On September 23, 2011, the Department of Treasury, Financial Management Service, issued a Final Rule to amend certain regulations (31 CFR Part 210) governing the use of the Automated Clearing House (ACH) network by federal agencies (the Final Rule). Among other things, the Final Rule adds several exceptions to the long-standing requirement that ACH payments be delivered only to deposit accounts that are registered "in the name of the recipient," including an exception to allow such payments to be deposited to pooled resident trust or patient fund accounts established by nursing facilities, pursuant to requirements under federal law relating to the protection of such funds. In issuing the Final Rule, the agency notes that the resident trust/patient fund exception is supported by the extensive protections already provided for nursing home residents in the federal statutes and regulations governing the establishment of such accounts held by nursing facilities.

Background

The ACH network is the nationwide electronic system that supports the clearing of electronic credit and debit transactions and the exchange of payment-related information among banks and other participating financial institutions.

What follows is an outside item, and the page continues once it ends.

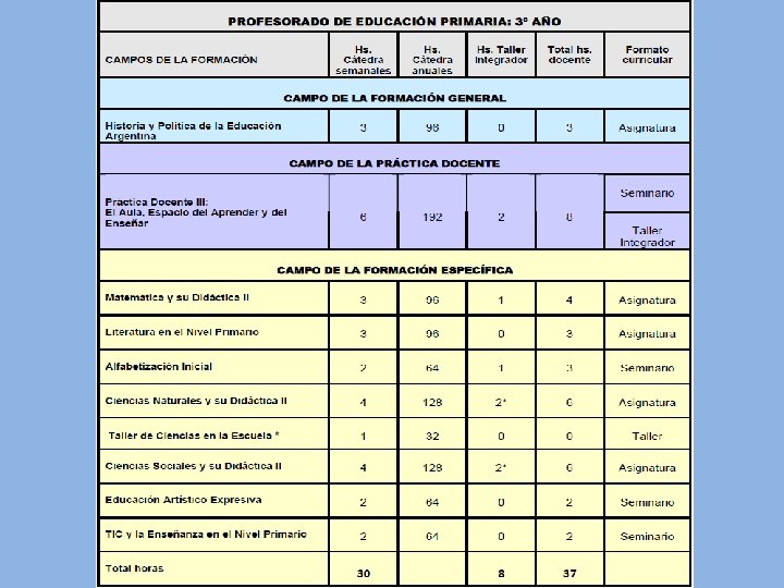 Asignatura: se define por la organización y la enseñanza de marcos disciplinares. Brinda modelos explicativos propios de las disciplinas de referencia y se caracteriza por reconocer el carácter provisional y constructivo del conocimiento. Se sugiere para su desarrollo la organización de propuestas metodológicas que promuevan el análisis de problemas, la investigación documental, la interpretación de datos estadísticos, la preparación de informes, el desarrollo de la comunicación oral y escrita, entre otros. En relación a la evaluación se propone la

As noted above, ACH regulations require that federal non-vendor payments issued as ACH credit entries, such as Social Security benefit payments, be delivered to a deposit account at a financial institution listed "in the name of the recipient," subject to certain listed exceptions. Historically, the requirement that the deposit account be "in the name of the recipient" was devised as a consumer protection policy to protect the intended recipient of a payment from being subjected to a master/sub account relationship, in which the recipient might have little to no control over the account itself.

The Nursing Home Resident Trust / Patient Fund Exception

In 2008, the Social Security Administration requested public comment on the issue of nursing home resident trust and patient fund accounts and subsequently concluded that the use of master/sub account arrangements by nursing homes to handle Social Security benefit payments for their residents was a widespread practice that also provided a benefit to such residents. As a result, the Treasury Department concluded that the deposit of federal payments to such pooled accounts held by nursing homes did not pose any significant concerns, particularly in light of the regulatory safeguards that exist for the establishment, management, and accounting of such accounts.

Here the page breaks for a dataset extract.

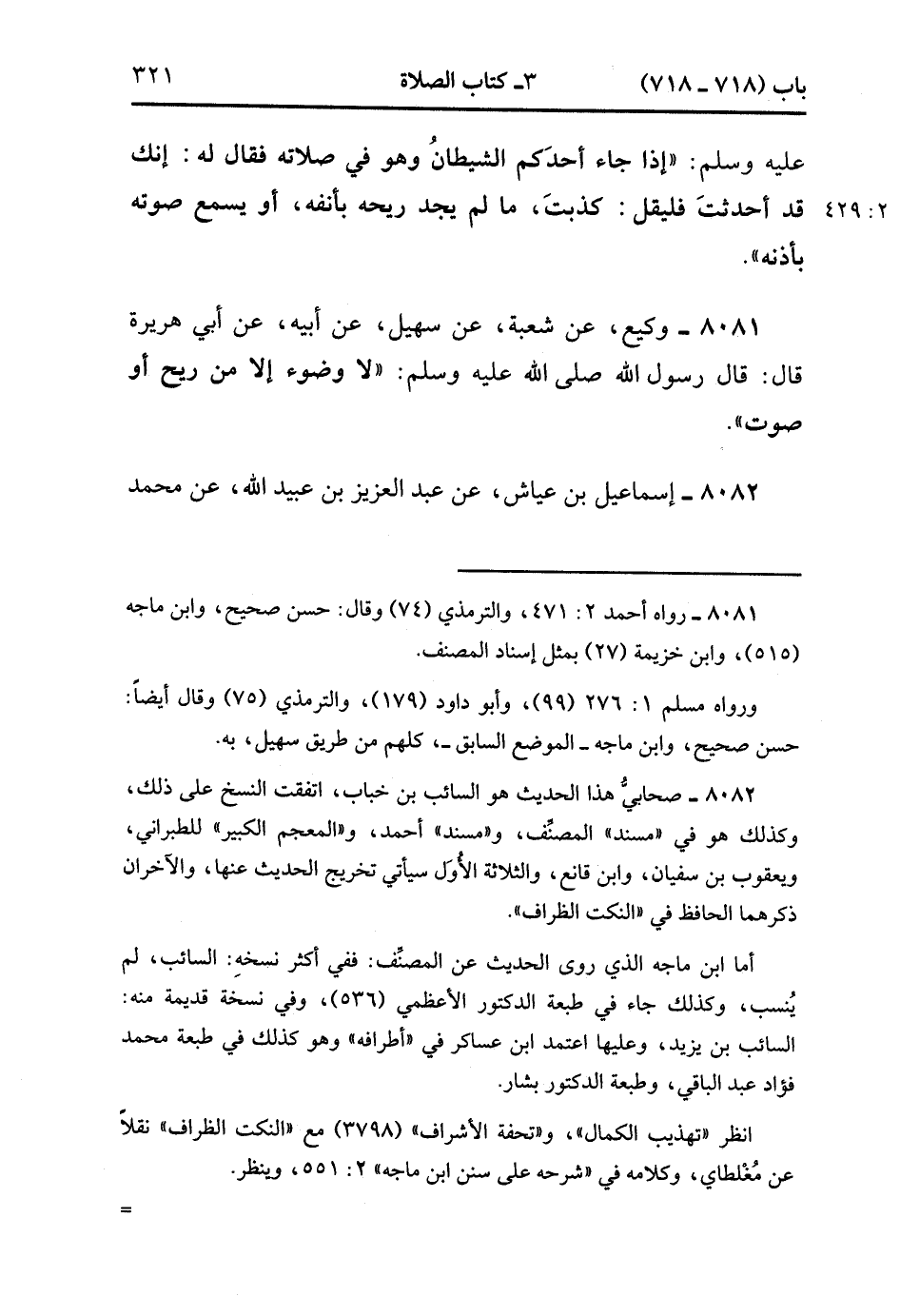 8082- حَدَّثَنَا إسْمَاعِيلُ بْنُ عَيَّاشٍ ، عَنْ عَبْدِ الْعَزِيزِ بْنِ عُبَيْدِ اللهِ ، عَنْ مُحَمَّدِ بْنِ عَمْرِو بْنِ عَطَاءٍ ، قَالَ : رَأَيْتُُ السَّائِبَ بْنَ خَبَّابٍ يَشُمُّ ثَوْبَهُ فَقُلْتُ لَهُ : مِمَّ ذَلِكَ رَحِمَك اللَّهُ ؟ فَقَالَ : إنِّي سَمِعْتُ رَسُولَ اللهِ صَلَّى الله عَلَيْهِ وَسَلَّمَ يَقُولُ : لاَ وُضُوءَ إِلاَّ مِنْ رِيحٍ ، أَوْ سَمَاعٍ. (2/429).

The preamble to the Final Rule cites several examples of federal regulation over nursing home resident trust and patient accounts as support for the new exception:

  • A nursing facility must obtain written authorization of the resident to "hold, safeguard, manage and account for" the person funds of the resident deposited with the facility.1
  • A nursing facility resident must be provided a written description of his or her legal rights, including a description of the protection of personal funds and information on filing a complaint with the state agency for the misappropriation of resident property by the facility.2
  • In managing a resident's personal funds, a nursing facility must maintain separate accounts, provide a complete separate accounting for each resident, and maintain a written record of all financial transactions.3
  • A nursing facility must purchase a security bond to assure the security of all resident personal funds deposited with the nursing facility.4
  • No charges may be imposed by the nursing facility against a resident's personal fund for the management services related to such accounts.5

Footnotes

1 42 U.S.C. § 1396r(c)(1)(B); 42 C.F.R § 483.10(c)(2)

2 42 U.S.C. § 1396r(c)(1)(B); 42 C.F.R. § 483.10(b)(7)(i)

3 42 U.S.C. § 1396r(c)(6)(B)(i)-(ii)

4 42 U.S.C. § 1396r(c)(6)(C)

5 42 U.S.C. § 1396r(c)(6)(D)

The content of this article is intended to provide a general guide to the subject matter. Specialist advice should be sought about your specific circumstances.